(Items from a data source)
══════
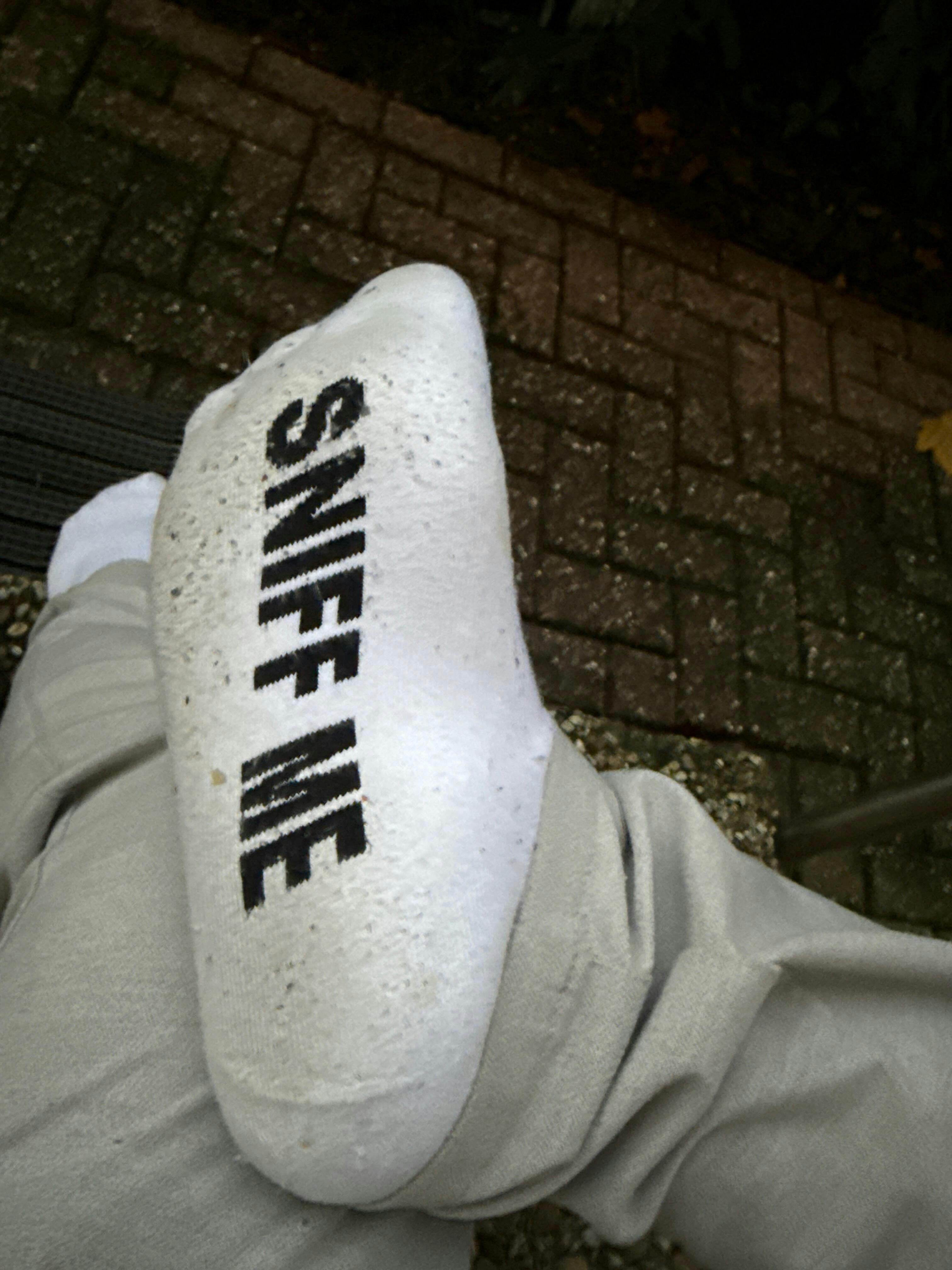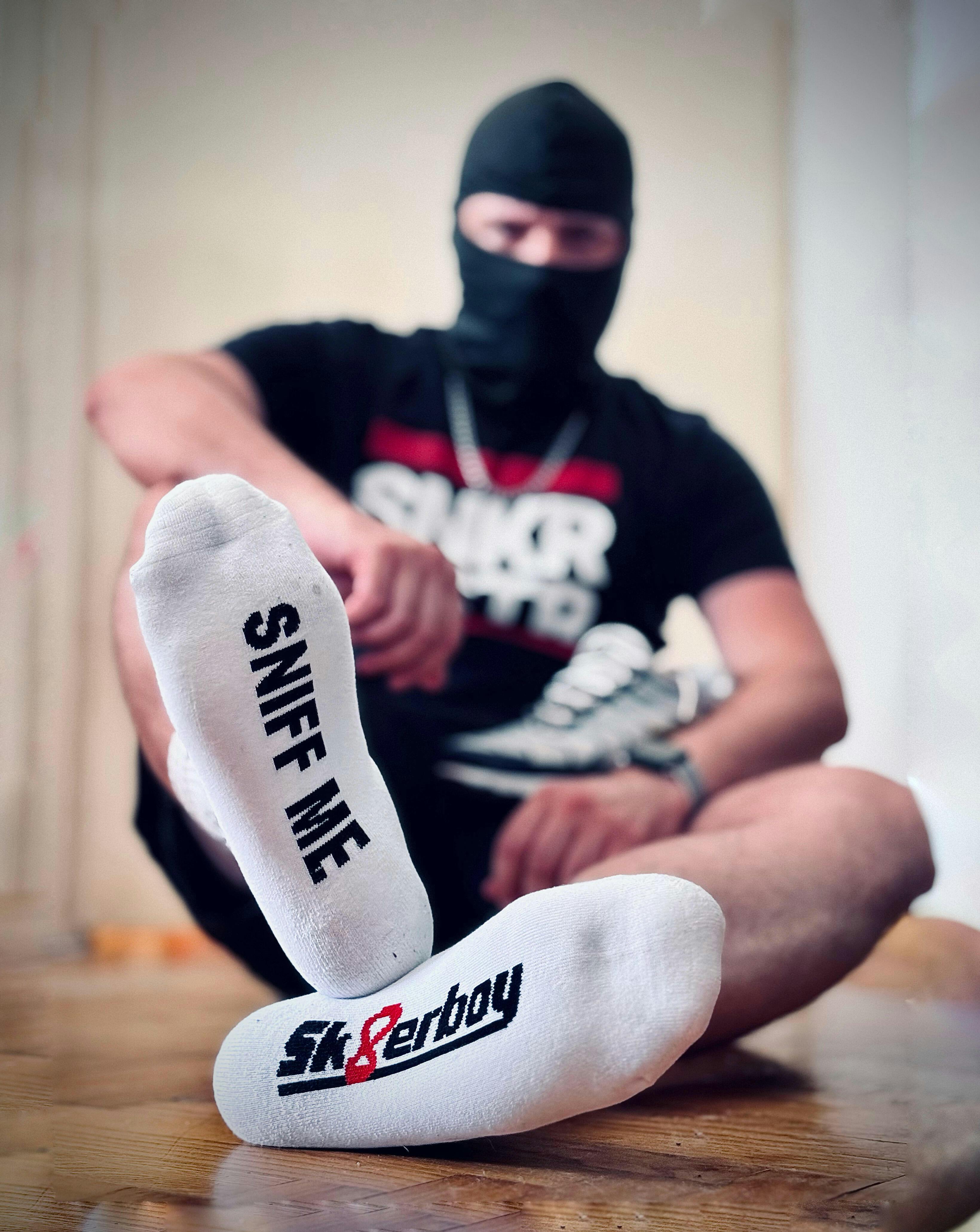 Yeah Andre! Weiße SNIFF ME Socks – sehen clean aus, aber je länger du sie trägst, desto dreckiger & geiler werden sie 😈. Perfekt zum Sniffen!
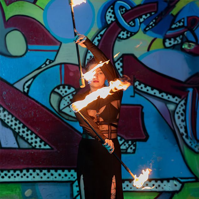 A multitalented fire artist and award-winning performer who blends precision, heat, and artistry to deliver unforgettable fire dance experiences
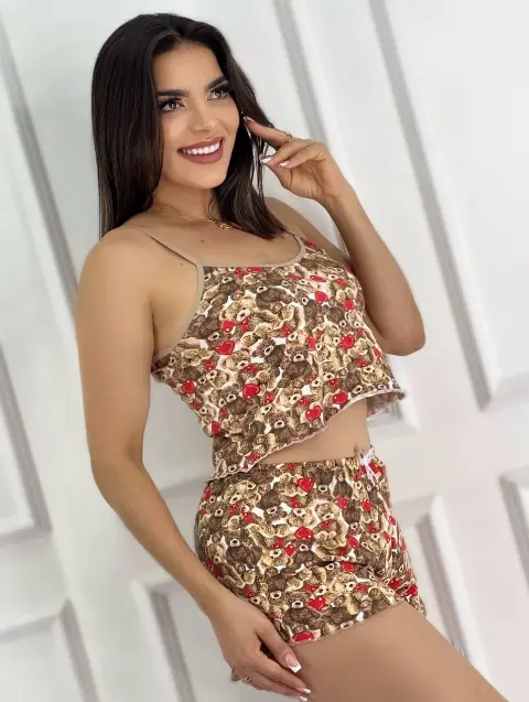 Com modelagem moderna e alcinhas finas, o top apresenta caimento leve e delicado, enquanto o short possui elástico na cintura, proporcionando ajuste perfeito ao corpo. As estampas variadas e divertidas trazem um toque de alegria e personalidade ao visual.
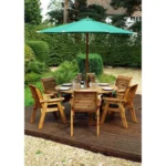 Enjoy drinks, snacks and meals with family and friends with this patio dining set. Practical and comfortable with a spacious, sturdy table and well-designed chairs. This versatile outdoor furniture set can transform and improve any patio or garden area. Wood, with the right care and attention, solid wooden garden furniture can last a lifetime. It doesn’t rust like metal and neither will it lose its colour in the sun like some plastic garden furniture. You and 5 others will be able to relax, enjoy snacks, and chat in the sunshine.
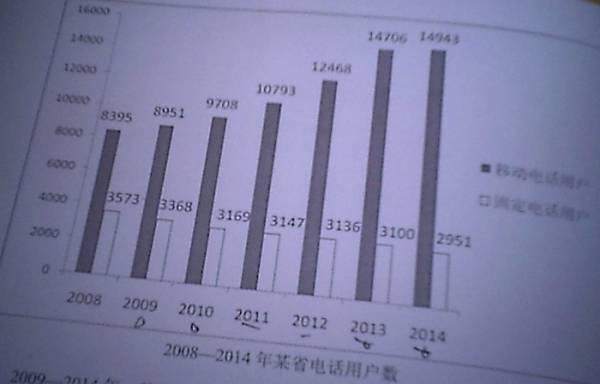 89.2009-2014年,电话用户数与上年差距最大的年份是( )。
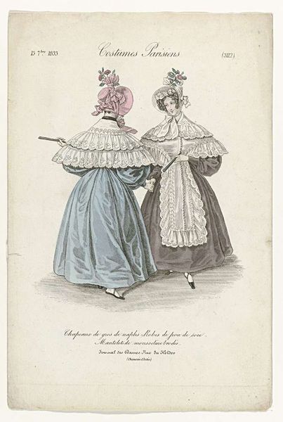 Jean Alexandre Allais created this fashion plate, titled 'La Mode', in France on July 19, 1834. It’s made with a combination of etching and engraving, and then delicately hand-colored. The print showcases the fashionable silhouette of the 1830s, emphasizing the luxurious materials available to the upper classes. “Pou de soie” translates to "silk taffeta," used for both bonnets and dresses. The lightness and sheen of silk taffeta created a sense of refinement. Note the meticulous detail in the lace trim and floral patterns, achieved through skilled handiwork, highlighting the importance of textiles in conveying status and taste. Fashion plates like this one fuelled the era's booming textile industry, employing countless artisans in the production of fabrics, lace, and embellishments. These images not only dictated style but also perpetuated social and economic hierarchies, shaping the desires and aspirations of consumers in a rapidly changing world. Recognizing the labor and materials enmeshed in this image reminds us of the social and economic forces that shape our aesthetic choices.
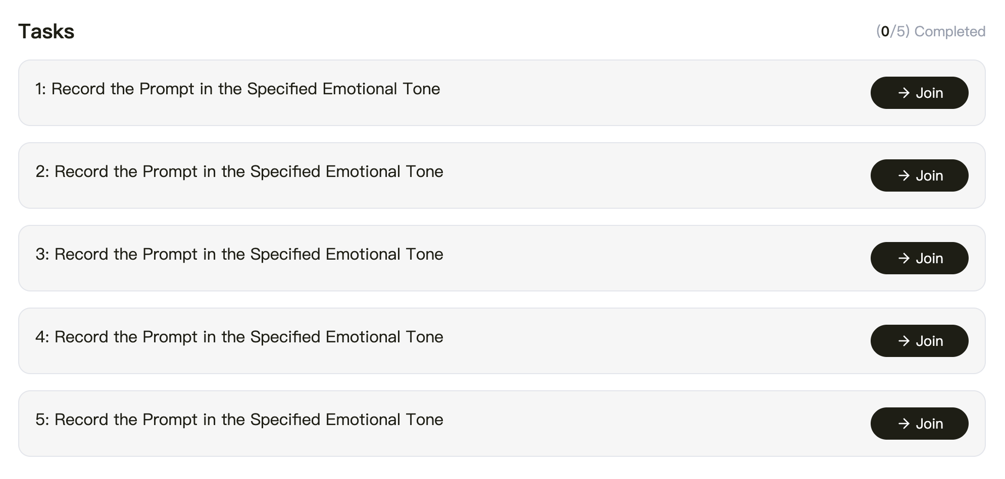 Task 6. Join The Perle Labs Emotional Speech Recording Quest, record audio in a specified tone (in English). There are 5 questions, each worth 100 points, for a total of 500 points.
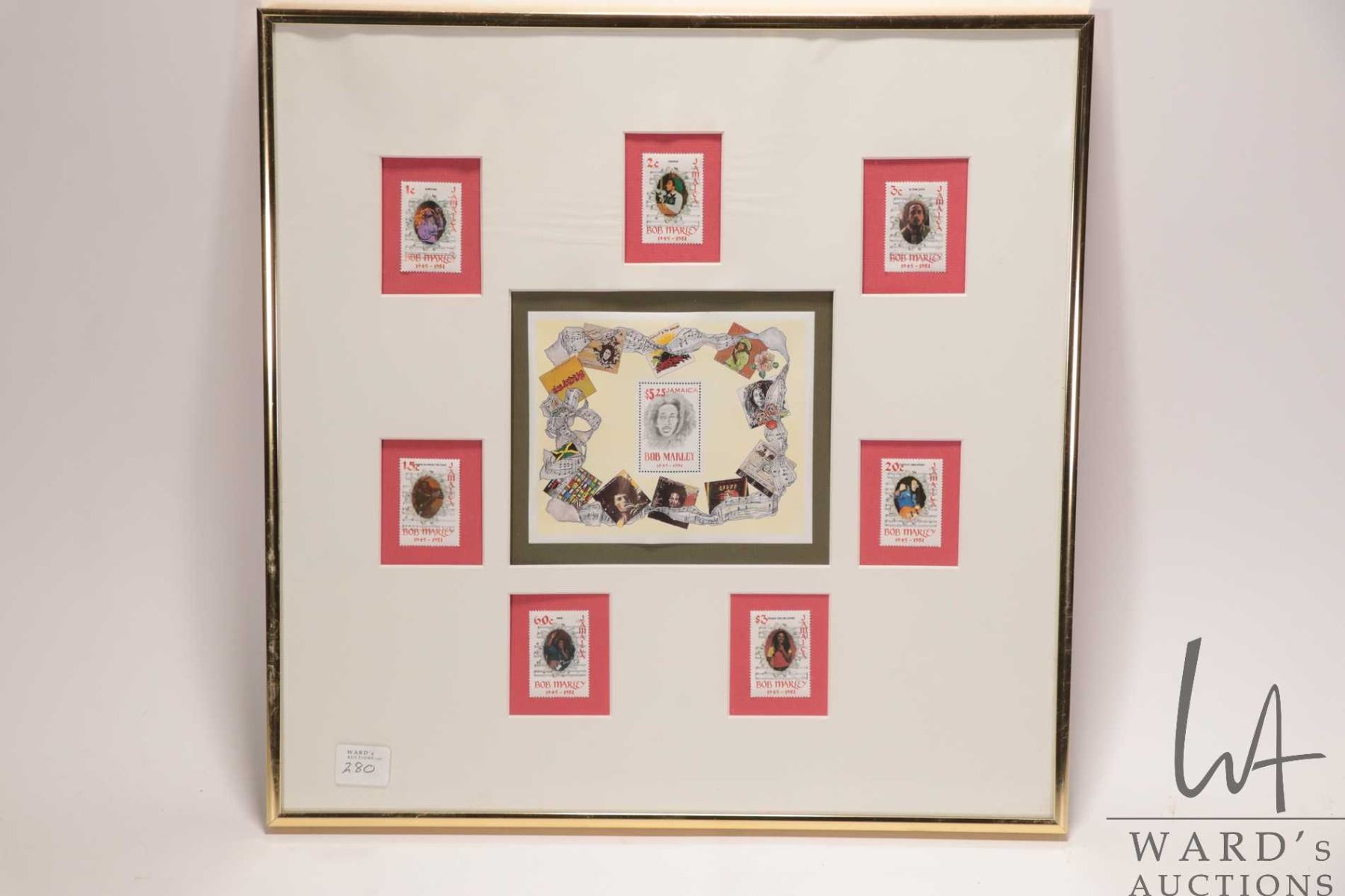 Framed Bob Marley stamp collection, overall dimensions including frame 15" X 15"
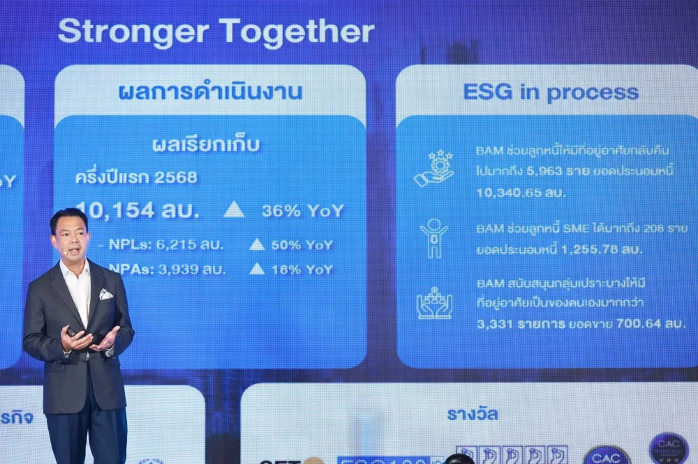 ดร.รักษ์ วรกิจโภคาทร ประธานเจ้าหน้าที่บริหาร บริษัทบริหารสินทรัพย์ กรุงเทพพาณิชย์ จำกัด (มหาชน) หรือ BAM กล่าวถึงผลการดำเนินงานครึ่งแรกปี 2568 ว่า โดยภาพรวมเป็นที่น่าพอใจ สามารถสร้างผลเรียกเก็บได้สูงถึง 10,154 ล้านบาท เมื่อเทียบกับช่วงเดียวกันของปีก่อนที่ทำได้ 7,493 ล้านบาท หรือโตถึง 36% ขณะที่ไตรมาสที่ 2 ของปีนี้ มีผลเรียกเก็บ 6,962 ล้านบาท เพิ่มขึ้นจากไตรมาสแรก ที่มีผลเรียกเก็บ 3,192 ล้านบาท หรือเพิ่มขึ้นมากถึง 118% และมีกำไร 1,511 ล้านบาท หรือเพิ่มขึ้น 72% จากช่วงเดียวกันของปีก่อนที่มีกำไรสุทธิอยู่ที่ 880 ล้านบาท ซึ่งผลงานทางด้าน NPL ยังใช้แนวทางที่ให้โอกาสลูกหนี้ในการได้หลักประกันซึ่งเป็นที่อยู่อาศัยหรือที่ทำกินกลับคืนไปด้วยเงื่อนไขที่ผ่อนปรน และมุ่งช่วยเหลือลูกหนี้ให้สามารถฟื้นฟูกิจการหรือสถานะทางการเงินของตน โดยปรับโครงสร้างหนี้และหาทางออกที่ดีที่สุดร่วมกัน ด้วยกระบวนการ Recycling Machine ซึ่งมีเป้าหมายในการเร่งสร้างโรงงานแก้หนี้ (TDR Factory) เพื่อฟื้นฟูให้ลูกหนี้กลับมามีสุขภาพทางการเงินที่ดีขึ้น ซึ่ง BAM สามารถสร้างรายได้จากการปรับโครงสร้างหนี้ NPL ลูกหนี้รายใหญ่รายหนึ่งได้ข้อยุติถึง 2,800 ล้านบาท
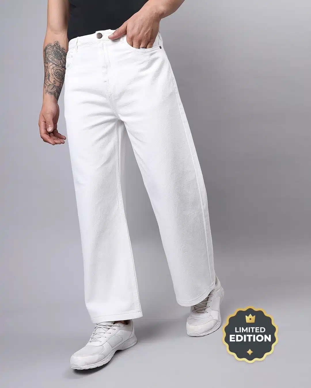 Elevate your denim game with Men’s White Baggy Wide Leg Jeans and experience the perfect fusion of comfort, style, and individuality. Whether paired with a graphic tee for a casual look or dressed up with a button-down shirt for a night out, these jeans are sure to become a wardrobe favorite.
══════
(Instructions for the task) In the data above, please extract the lines from the first one through the line with "A multitalented fire", exactly, and keep pictures out.

(Solution to this task)
 Yeah Andre! Weiße SNIFF ME Socks – sehen clean aus, aber je länger du sie trägst, desto dreckiger & geiler werden sie 😈. Perfekt zum Sniffen!
 A multitalented fire artist and award-winning performer who blends precision, heat, and artistry to deliver unforgettable fire dance experiences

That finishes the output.